Up to now, receptor-mediated Munc13-1 activation in mammalian systems was widely assumed but still speculative (Brose et al., 2004). Our data are the first to show the longstanding hypothesis that PLCβ-coupled GqPCRs engage Munc13-1 to modulate vesicle priming and hence exocytosis in mammalian cells. At the neuromuscular junction of C. elegans, neurotransmitter release is enhanced by a presynaptic signaling pathway containing Gαq, PLCβ, and UNC-13 (Lackner et al., 1999). Mutation of the DAG-binding site in UNC-13 reduces facilitation, indicating that other DAG-binding proteins like PKC or DAG-activated Ca2+ channels may also contribute to the regulation. In contrast to C. elegans, DAG-insensitive Munc13-1H567K completely abolished the agonist-dependent potentiation of exocytosis in chromaffin cells (Fig. 5). Under our conditions, inhibition of PKC had no detectable effect (Fig. 3). It seems, therefore, that the well characterized effect of PKC on the RRP in chromaffin cells is more important for activity-dependent than for receptor-mediated potentiation of exocytosis (Smith, 1999; Park et al., 2006). We cannot dismiss a possible PKC-mediated modulation of the fusion pore, because this would not necessarily be apparent in C m measurements. A concerted regulation of vesicle priming and fusion by Munc13-1 and PKC may therefore occur under certain conditions. Experiments on unclamped chromaffin cells report that histamine induces phosphorylation of the syntaxin binding protein Munc18 by PKC and that this is correlated with a change in fusion pore kinetics (Barclay et al., 2003; Craig et al., 2003). A recent report suggests the role of PKC in agonist-dependent regulation of exocytosis may well depend on the presence of other mediators and activation of additional G-protein-coupled signaling pathways (Chen et al., 2005).
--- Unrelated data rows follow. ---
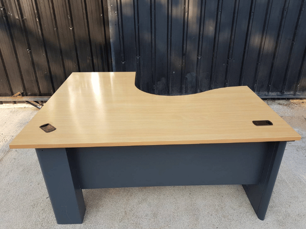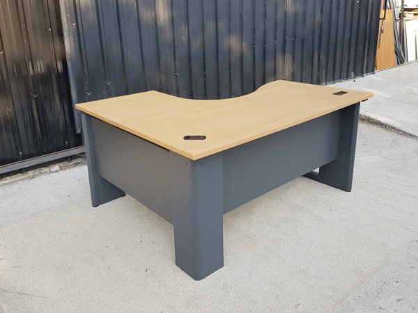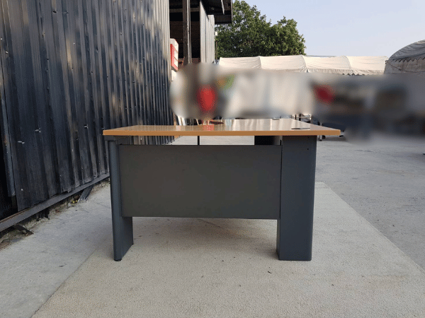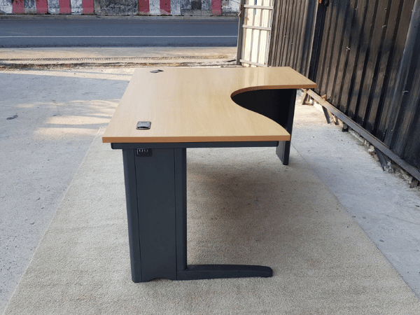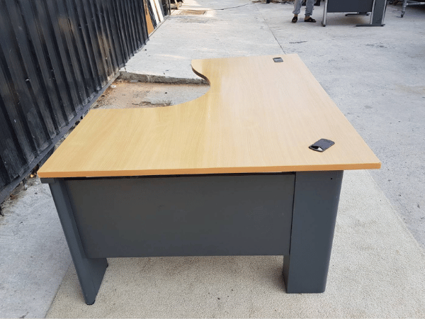 ชุดโต๊ะผู้บริหารทรง L โครงไม้ ขาเหล็กและขาไม้ มีตู้ 3 ลิ้นชัก (2)
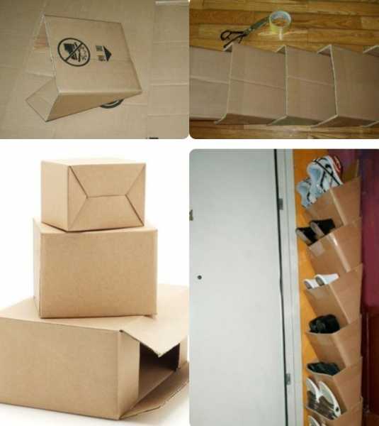 Функциональный настенный органайзер из коробок для обуви, который позволит сэкономить жилое пространство, также прост в своем исполнении. Как видно на изображении, пустую тару из-под крупногабаритной бытовой техники всего лишь необходимо согнуть в трапецевидные кульки, скрепить их скотчем и вставить друг в друга. Для придания такой навесной обувной полке более презентабельного внешнего вида, можно тонировать ее морилкой и покрыть лаком.
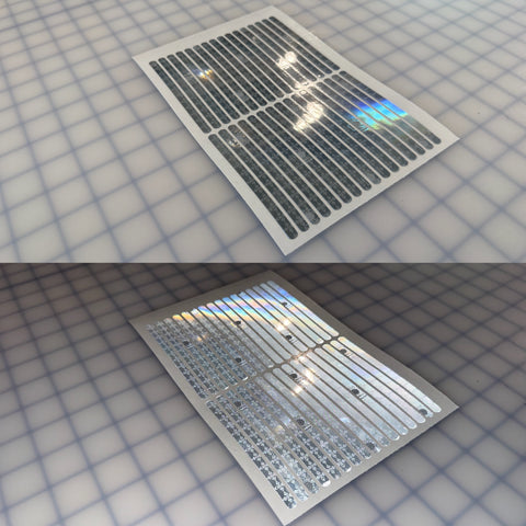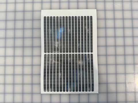 Sold by the sheet. Each sheet has 32 Strips. 0.25" x 4" Inch in size. Silver/Gray in Color. Peel and Stick application. Prismatic Oralite M82 1403 SOLAS.
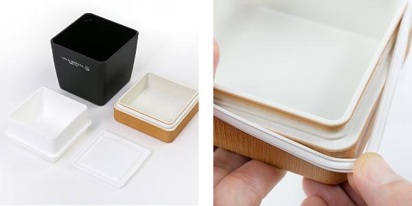 | 材質 | 本体:ポリエチレンテレフタレート、ABS樹脂 蓋:ABS樹脂 上段:ポリプロピレン シール蓋:ポリエチレン |
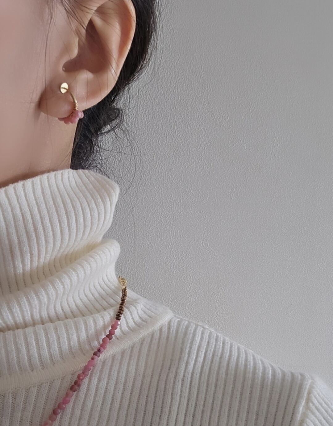 お揃いのピアス、イヤリングもご用意しております。あわせてお使いいただくだけで、お洒落が叶う、便利なアイテムです!
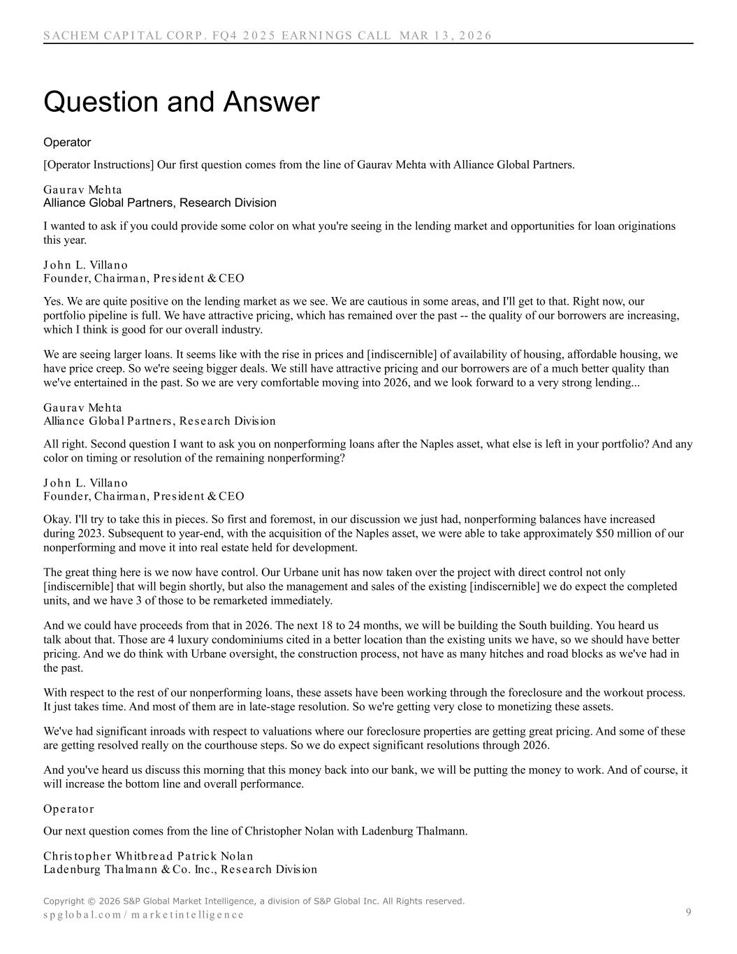 S ACHEM CAP I TAL CORP . FQ4 2 0 2 5 EARNI NGS CALL MAR 1 3 , 2 0 2 6 Question and Answer Operator [Operator Instructions] Our first question comes from the line of Gaurav Mehta with Alliance Global Partners. Gaurav Mehta Alliance Global Partners, Research Division I wanted to ask if you could provide some color on what you're seeing in the lending market and opportunities for loan originations this year. J ohn L. Villano Founder, Chairman, Pres ident & CEO Yes. We are quite positive on the lending market as we see. We are cautious in some areas, and I'll get to that. Right now, our portfolio pipeline is full. We have attractive pricing, which has remained over the past -- the quality of our borrowers are increasing, which I think is good for our overall industry. We are seeing larger loans. It seems like with the rise in prices and [indiscernible] of availability of housing, affordable housing, we have price creep. So we're seeing bigger deals. We still have attractive pricing and our borrowers are of a much better quality than we've entertained in the past. So we are very comfortable moving into 2026, and we look forward to a very strong lending... Gaurav Mehta Alliance Globa l Partners , Research Divis ion All right. Second question I want to ask you on nonperforming loans after the Naples asset, what else is left in your portfolio? And any color on timing or resolution of the remaining nonperforming? J ohn L. Villano Founder, Chairman, Pres ident & CEO Okay. I'll try to take this in pieces. So first and foremost, in our discussion we just had, nonperforming balances have increased during 2023. Subsequent to year-end, with the acquisition of the Naples asset, we were able to take approximately $50 million of our nonperforming and move it into real estate held for development. The great thing here is we now have control. Our Urbane unit has now taken over the project with direct control not only [indiscernible] that will begin shortly, but also the management and sales of the existing [indiscernible] we do expect the completed units, and we have 3 of those to be remarketed immediately. And we could have proceeds from that in 2026. The next 18 to 24 months, we will be building the South building. You heard us talk about that. Those are 4 luxury condominiums cited in a better location than the existing units we have, so we should have better pricing. And we do think with Urbane oversight, the construction process, not have as many hitches and road blocks as we've had in the past. With respect to the rest of our nonperforming loans, these assets have been working through the foreclosure and the workout process. It just takes time. And most of them are in late-stage resolution. So we're getting very close to monetizing these assets. We've had significant inroads with respect to valuations where our foreclosure properties are getting great pricing. And some of these are getting resolved really on the courthouse steps. So we do expect significant resolutions through 2026. And you've heard us discuss this morning that this money back into our bank, we will be putting the money to work. And of course, it will increase the bottom line and overall performance. Opera tor Our next question comes from the line of Christopher Nolan with Ladenburg Thalmann. Chris topher Whitbread Pa trick Nolan Ladenburg Tha lmann & Co. Inc., Research Divis ion Copyright © 2026 S&P Global Market Intelligence, a division of S&P Global Inc. All Rights reserved. s p g lo b a l.c o m / m a r k e t in t e llig e n c e 9

Ca2+ release from stores is also required for histamine potentiation of exocytosis (Pan and Fox, 2000); the molecular mechanism of this Ca2+ dependence is unknown but may involve the modulation of Munc13-1 activity by calmodulin (Junge et al., 2004) or DOC2 (Groffen et al., 2006). Interestingly, store-dependent Ca2+ influx at the plasma membrane does not appear to be needed for histamine-dependent potentiation of exocytosis because the holding current was not observed to change in the presence of agonist. This is in contrast to results obtained with angiotensin II and may be important in recruitment of additional signaling molecules, such as PKC by AT-1 receptors (Teschemacher and Seward, 2000).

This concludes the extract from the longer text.